HELOCs are tied to the prime rate, which moves directly with Federal Reserve benchmark rate decisions. Prime rate = Fed funds target + 3%, so a 0.25% Fed rate cut immediately reduces your HELOC rate by 0.25%. During the 2022-2023 rate cycle, the prime rate rose from 3.25% to 8.50% — a 5.25 percentage point increase — adding over $218/month to the interest-only payment on a $50,000 HELOC. Lenders sometimes offer introductory rate discounts (0.25-0.50% below prime) for the first 6-12 months, or autopay discounts of 0.25%. These are worth negotiating at origination since even a quarter-point improvement saves hundreds of dollars annually on large balances.

Tips

  1. Make principal payments during the draw period even though only interest is required — reducing your balance by $20,000 before repayment begins saves you more than $16,000 in interest on a $50,000 HELOC at 8.5%
  2. Budget using a rate 2-3% above your current HELOC rate — this protects you if the Fed raises rates before your draw period ends
  3. Never draw more than you need at a given time; because you only pay interest on the outstanding balance, keeping draws small keeps costs small
  4. If you are carrying a large HELOC balance near the end of the draw period, consider converting it to a fixed-rate home equity loan for payment certainty before repayment begins
  5. Check whether your HELOC has a rate cap — most variable HELOCs include a lifetime cap (often 18%) and a periodic cap (often 2% per year) that limit how high your rate can go
  6. If rates drop significantly, ask your lender about repricing or refinancing — some HELOCs can be converted or replaced with a lower-rate product without a full refinance

Frequently Asked Questions

What is the difference between the draw period and repayment period?
The draw period (typically 5-10 years) is when you can borrow from your credit line and usually only need to make interest-only payments. The repayment period (typically 10-20 years) begins when the draw period ends -- you can no longer borrow, and payments switch to fully amortized principal-and-interest payments. This transition often causes a significant payment increase, sometimes doubling or tripling the monthly amount.
How are interest-only HELOC payments different from principal-and-interest payments?
During the draw period, interest-only payments cover just the borrowing cost without reducing your balance. On a $50,000 balance at 8.5%, the interest-only payment is about $354/month.

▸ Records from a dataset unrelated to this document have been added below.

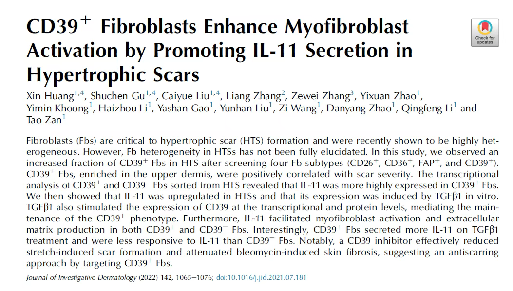 2021年,上海第九人民医院整复外科主任李青峰教授团队在《Journal of Investigative Dermatology》发表的重要研究发现,CD39+成纤维细胞作为增生性瘢痕形成的主要效应细胞,其IL-11表达水平与瘢痕严重程度呈显著正相关,且IL-11是该细胞亚群中上调幅度最大的细胞因子(较正常组织提升5-8倍)。这项研究首次证实了IL-11信号通路在瘢痕增生中的关键调控作用,不仅拓展了对IL-11生物学功能的认知,更通过揭示CD39+成纤维细胞-IL-11轴在病理性瘢痕形成中的核心地位,为靶向IL-11的瘢痕治疗提供了直接理论依据,提示抗IL-11疗法可能成为改善病理性瘢痕的新策略。目前基于这一发现,研究团队正在开展相关转化研究以验证IL-11靶向药物在瘢痕治疗中的实际效果,这为9MW3811等IL-11抑制剂在整形修复领域的应用开辟了新的治疗方向。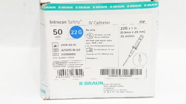 - B.Braun 4252519-02 Safety IV Cath. 22G x 1inch x 35ml/min - Box of 36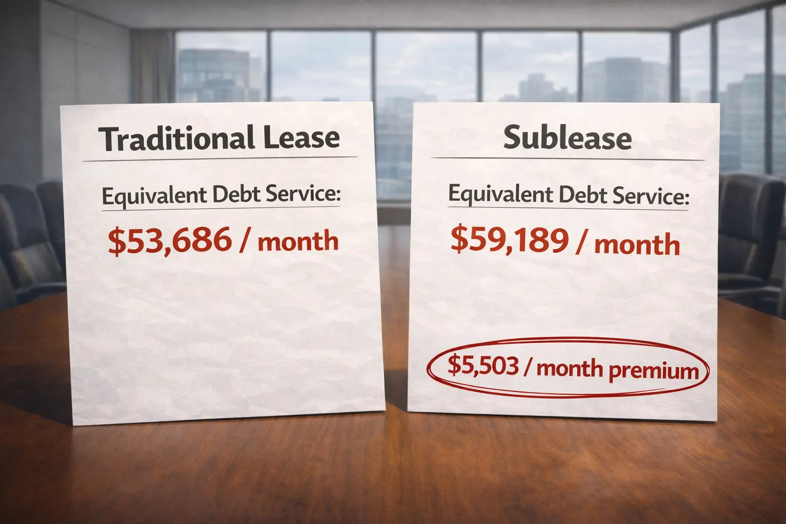 Now you can focus on the strategic question: what does the sublease offer that might justify paying $5,503/month more?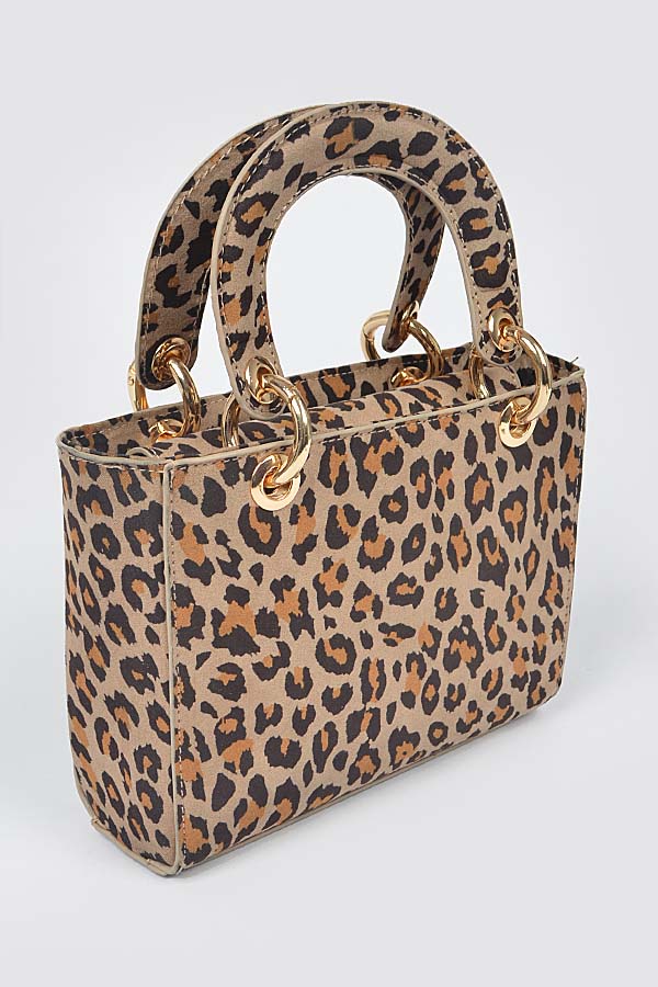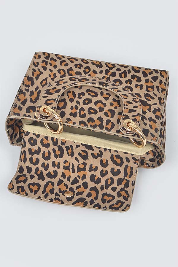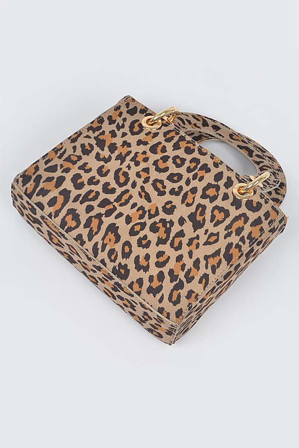 - * Micro Suede Leo Top Handle Crossbody Bag
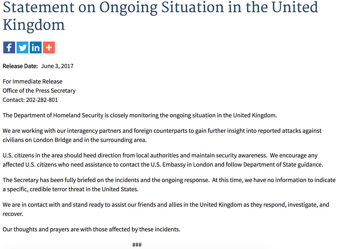 MORE: DHS after London terror incidents: "We have no information to indicate a specific, credible terror threat in the United States"pic.twitter.com/yXM23WxuLp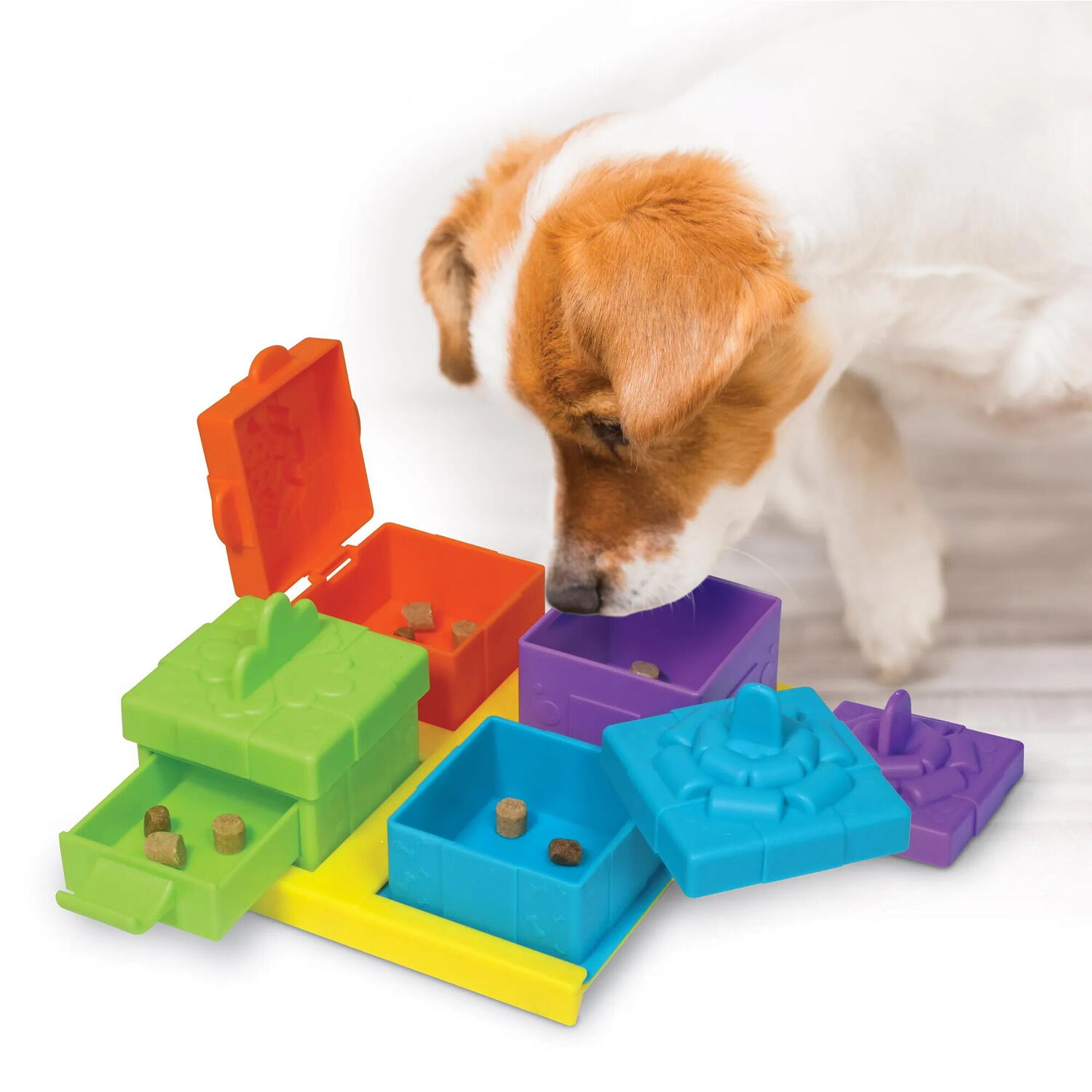 - cainii isi folosesc creierul si labutele pentru a elibera recompensele si a se distra cu aceste cutiute colorate pline de surprize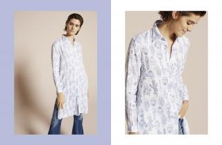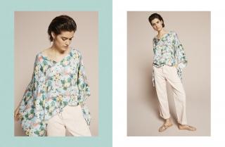 The women's shirt in the new collection adapts itself and is continually reinterpreted in its role: as a protagonist when worn as a dress in various lengths, as part of an outfit with tunics that can be matched with trousers with different prints, or when it is worn as a coat and declines itself in poncho and sailor's jacket. To complete the outfit, Xacus proposes linen and silk trousers, the same fabrics chosen for the women's shirt. Lastly, room is given over to floating gauze strips, linens with wide weaves, maxi jacquard, basketweave effect fabrics, prints on crisp cottons with geometrical patterns and floating viscose with audacious lively coloured prints.

When the repayment period starts and payments become fully amortized over 20 years, the payment jumps to approximately $434/month. Over 15 years, it would be $492/month. Interest-only payments keep costs low initially but mean you owe the full balance when repayment begins.
How does the variable rate on a HELOC affect my payments?
Most HELOCs have variable rates tied to the prime rate, which means your payment changes when the Federal Reserve adjusts rates. A 1% rate increase on a $50,000 balance adds about $42/month to an interest-only payment. Over the life of a HELOC, rates could swing 3-5%, meaning your payment could fluctuate by $125-$210/month. Budget for potential rate increases by stress-testing your payments at 2-3% above the current rate.
How are HELOC payments calculated during each phase?
During the draw period, the interest-only payment is simply: Balance x (Annual Rate / 12). During the repayment period, payments use the standard amortization formula on the outstanding balance over the remaining repayment term. For example, $60,000 at 8% interest-only is $400/month. When repayment starts over 20 years, the payment becomes approximately $502/month -- a 25% increase that you need to budget for.
Can I make early payments or pay off my HELOC ahead of schedule?
Yes, most HELOCs allow extra payments and early payoff without prepayment penalties during both periods. Making principal payments during the draw period is one of the smartest strategies -- it reduces your balance, lowers future interest-only payments, and makes the transition to the repayment period less jarring. Paying even $200/month extra toward principal during a 10-year draw period can reduce the outstanding balance by $24,000+ before repayment begins.